The Cluster-Specific Structural Relations

For the group-and-cluster-specific residual factor covariances ${\mathbf{\Psi }}_{gk}$, we sampled the variances of the exogenous factors $F1$and $F2$from a uniform distribution $U(0.75, 1.25)$ and their covariance from $U(-0.3, 0.3)$. The total variances of the endogenous factors $F3$and $F4$were also sampled from $U(0.75, 1.25)$ and their residual variances are determined as follows: For $F3$ and F4, it was computed as $\mathrm{V}\mathrm{a}\mathrm{r}{\left(F3\right)}_g-({\beta }_{2,k}^2\mathrm{V}\mathrm{a}\mathrm{r}{\left(F1\right)}_g+{\beta }_{3,k}^2\mathrm{V}\mathrm{a}\mathrm{r}{\left(F2\right)}_g+2{\beta }_{2,k}{\beta }_{3,k}{\mathrm{C}\mathrm{o}\mathrm{v}(F1,F2)}_g$ and $\mathrm{V}\mathrm{a}\mathrm{r}{\left(F4\right)}_g-({\beta }_{1,k}^2\mathrm{V}\mathrm{a}\mathrm{r}{\left(F1\right)}_g+{\beta }_{4,k}^2\mathrm{V}\mathrm{a}\mathrm{r}{\left(F3\right)}_g+2{\beta }_{1,k}{\beta }_{4,k}\left({\beta }_{2,k}\mathrm{V}\mathrm{a}\mathrm{r}{\left(F1\right)}_g+{\beta }_{3,k}\mathrm{C}\mathrm{o}\mathrm{v}{\left(F1,F2\right)}_g\right))$, respectively.

In Loading Matrix ${\mathbf{\Lambda }}_g$, the first loading of each factor was fixed to one. The other loadings (except for crossloadings) were approximately invariant across groups and were sampled from a normal distribution with a mean of $\sqrt{0.6}$ in case of a high item reliability and $\sqrt{0.4}$ in case of a low item reliability, and a variance that depended on the level of the AMI. According to a summary by Arts et al. (2021), prior variances used in simulation and empirical studies typically range from 0.001 to 0.1. Following this, our simulations included five levels of AMI (i.e., 0.001, 0.005, 0.01, 0.05, 0.1). For instance, to obtain an AMI level of 0.01, which implies a variance of 0.01 for differences in loadings, we sampled loadings from a normal distribution with a variance of 0.005 for all groups.² Per factor, one crossloading was added to the third item measuring the next factor (i.e., Item 8 crossloaded on Factor 1, Item 13 on Factor 2, Item 18 on Factor 3, and Item 3 on Factor 4). A value of 0 corresponded to no crossloading, 0.2 to a moderate crossloading, and 0.4 to a large crossloading. The unique variances on the diagonal of ${\mathbf{\Theta }}_{\mathit{g}}$ were sampled from $U(0.3, 0.5)$ under high reliability and from $U(0.50, 0.70)$ under low reliability.

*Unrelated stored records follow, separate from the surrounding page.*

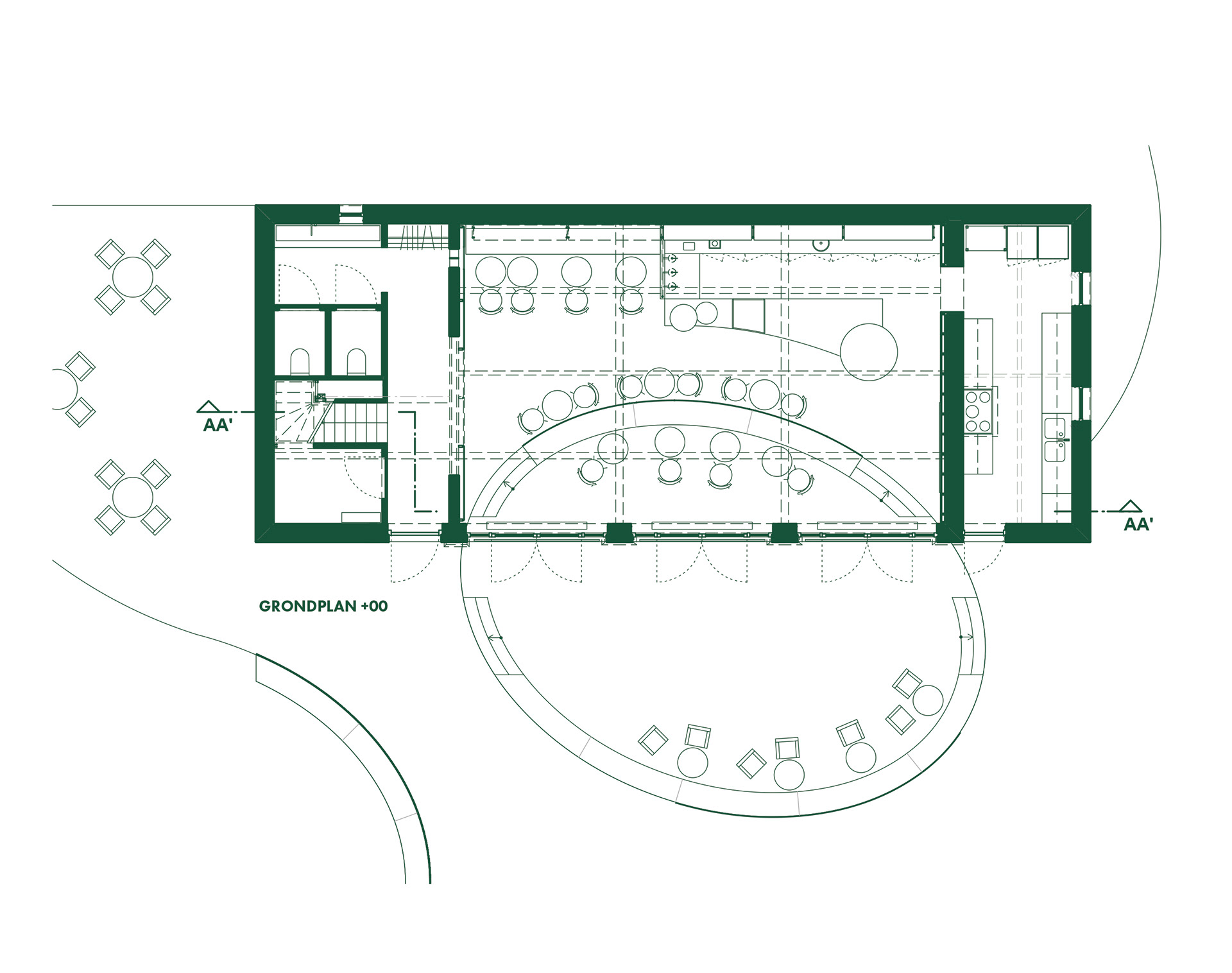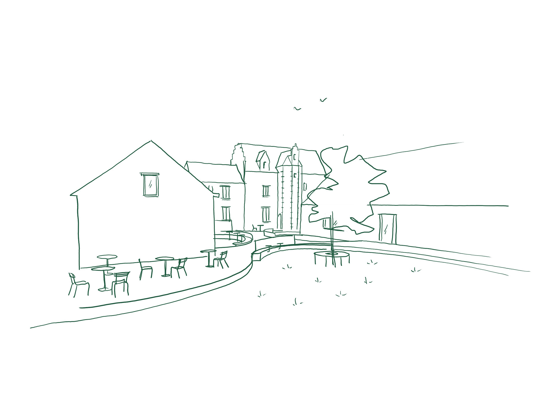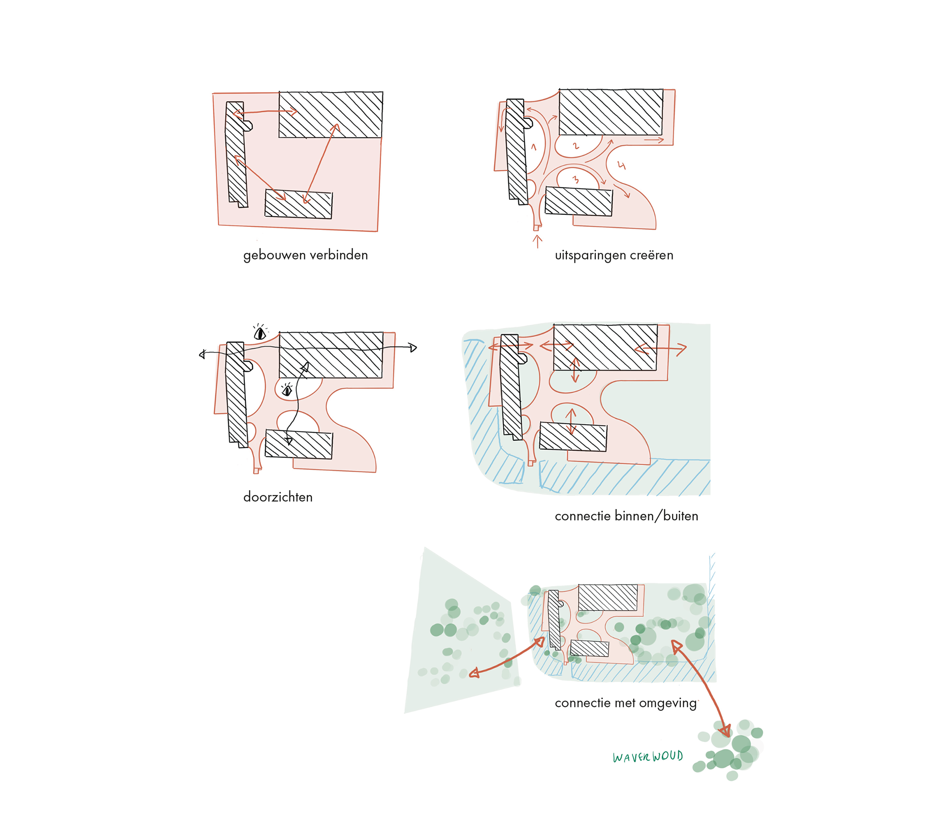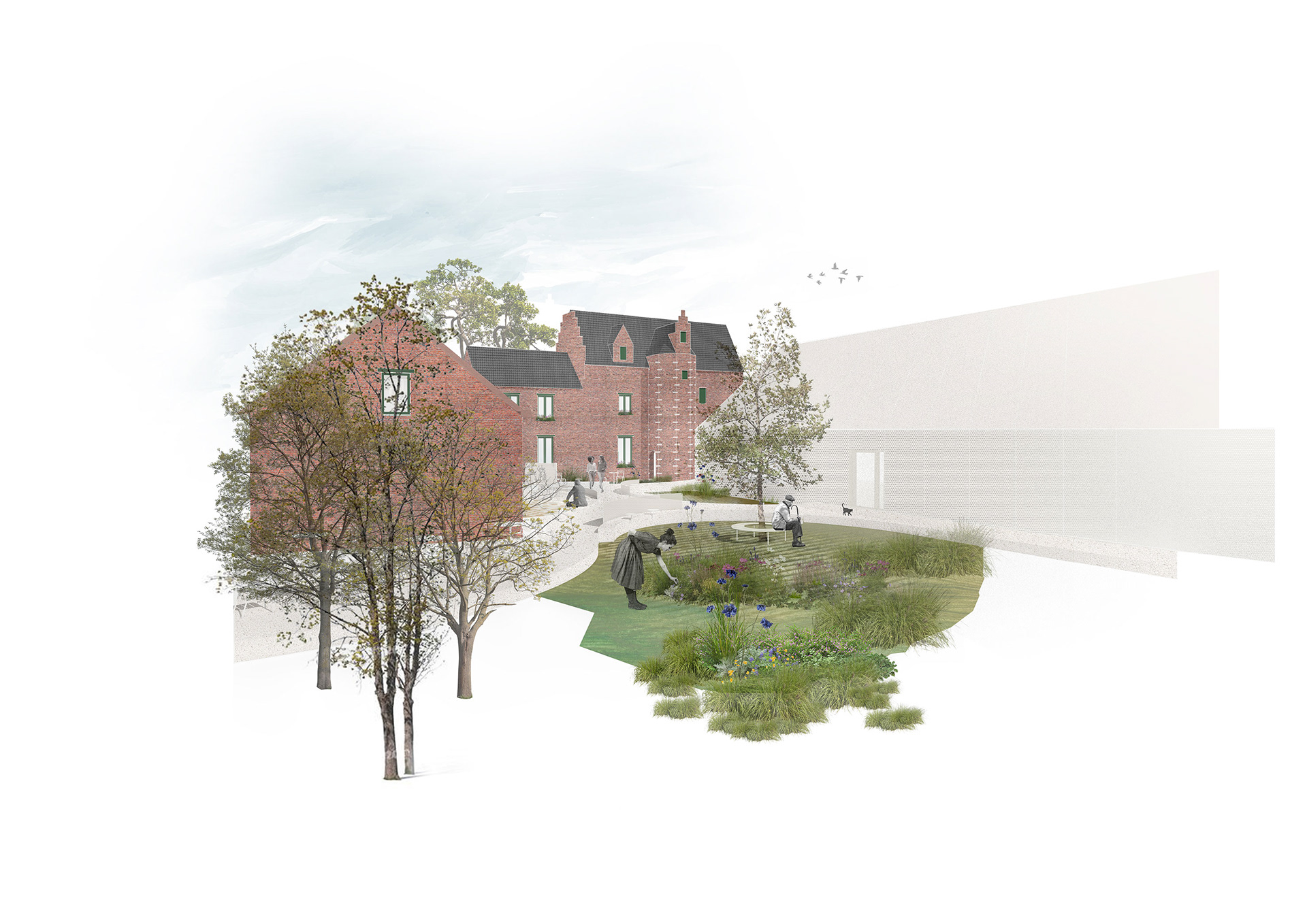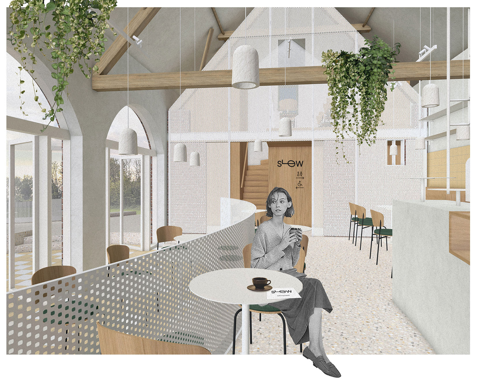 __OPDRACHT__ Bachelorproef herbestemming. Hoe kan de Schranshoeve in OLV-Waver, gelegen temidden van de laatste overblijfselen van het Waverwoud, herbestemd worden tot een rustgevende plek waar natuur, erfgoed en ambacht centraal staan?__programma__ Koffiemo(nu)ment: koffiebranderij, koffiebar en overnachten in een 16e eeuws monument (b&b). __CONCEPT__ BLENDEN. De drie gebouwen zijn verbonden dmv een verhoogd plein met uitsparingen dat zorgt voor een sterke connectie binnen/buiten. In de tuin zorgt flora uit het Waverwoud en de zitelementen — waarvan er ook enkele verspreid worden in het Waverwoud — voor een connectie met het Waverwoud. Blenden van oud en nieuw: voorzetwand in geperforeerd staal (buitengevels schuur en binnenwand koetshuis). COLORS OF COFFEE. __materialen__ leempleister, eik, marmerbeton, staal.
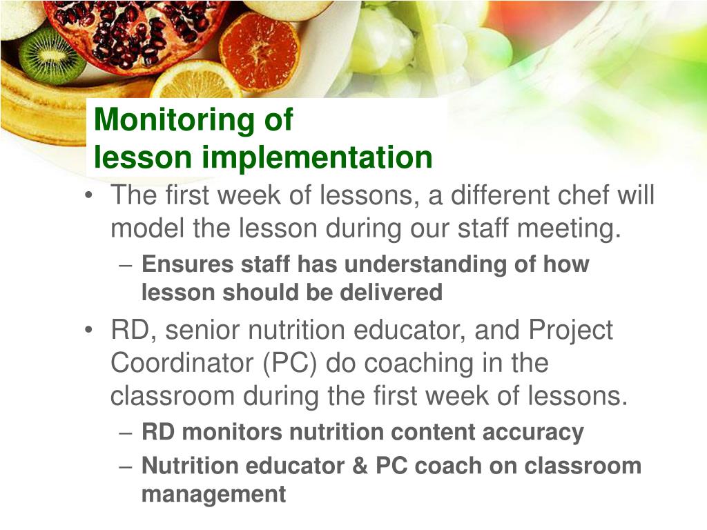 Monitoring of lesson implementation • The first week of lessons, a different chef will model the lesson during our staff meeting. • Ensures staff has understanding of how lesson should be delivered • RD, senior nutrition educator, and Project Coordinator (PC) do coaching in the classroom during the first week of lessons. • RD monitors nutrition content accuracy • Nutrition educator & PC coach on classroom management
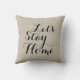 Rustic yet contemporary chic design, with black script text. Motivational throw pillow with the words "Let's Stay Home". A PRINTED beige linen photo effect background. Linen Look Custom - Encouragement - Positive Advice - Expressions Throw Pillow - For Your Home Decor Solutions. Elke Clarke© More styles and colours available in our shop at www.zazzle.com/monogramgallery. Great for your bedroom, favourite chair, as fun decor in your family room or formal decorative addition to your living room.
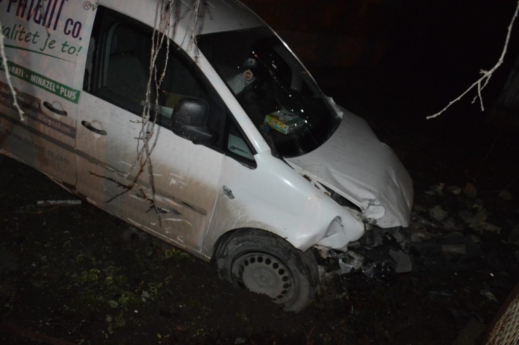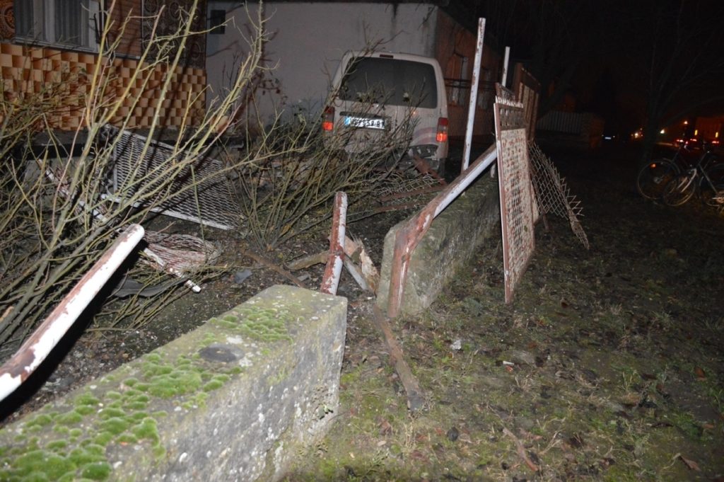 A furgon az út bal oldalára sodródott, áthaladt egy meglehetősen sekély árkon, ezt követően néhány métert repült. Először egy ház fémből készült kerítését sodorta el, majd átrepülve az alsó, betonból készült rész felett az autó a szomszédos ház falának ütközve állt meg.

Finally, the data were sampled from $\mathrm{M}\mathrm{V}\mathrm{N}(0,\mathit{ }{\mathbf{\Sigma }}_{gk})$ for each group. In total, we generated 2 (number of groups) × 3 (within-group sample size) × 2 (number of clusters) × 3 (size of regression parameters) × 2 (reliability) × 5 (size of AMI) × 3 (size of crossloadings) × 50 (replications) = 54,000 data sets according to the described procedure, using R Version 4.4 (R Core Team, 2022). All data sets were analyzed with MixMG-BSEM with 50 random starts and the true number of clusters. For each data set, we performed the analysis five times, with different prior variances for the loadings (i.e., 0.001, 0.005, 0.01, 0.05, 0.1) in Step 1, to examine the performance of MixMG-BSEM across different prior variances. The analyses were performed on a supercomputer consisting of 2 Intel Xeon Platinum 8468 CPUs (Sapphire Rapids). The average computation time was 50.5 minutes ($SD= 24.8$) for Step 1 (mainly influenced by $G$ and $N_g$) with the four factors estimated sequentially, 0.03 minutes ($SD=0.02$) for the intermediate Step 2, and 5.7 minutes ($SD= 5.7$) for Step 3 (mainly influenced by $N_g$, $K$, and $\beta )$.³ We assessed MCMC convergence of the Bayesian estimation using the potential scale reduction factor (PSRF). On average, the PSRF was 1.000 ($SD = 0.001$), indicating sufficient convergence, with no notable differences across conditions. These results suggest that the MCMC chains converged properly for all simulated data sets.

Results

Recovery of Factor Loadings

We evaluated the recovery of the group-specific factor loading estimates for each item $j$, using the Root Mean Squared Error (RMSE) across groups as follows:

3

$$\begin{array}{c}{RMSE}_{{\lambda }_j}=\sqrt{\frac{{\sum }_{g=1}^G{\left({{\widehat{\lambda }}_{gj}-\lambda }_{gj}\right)}^2}{G}} \end{array}$$

where ${\lambda }_{gj}$ is the true group-specific loading of the j-th item on the factor, and ${\widehat{\lambda }}_{gj}$ is the corresponding estimate. Note that ${RMSE}_{{\lambda }_j}$ is also affected by the variance of the estimates, rather than just the bias.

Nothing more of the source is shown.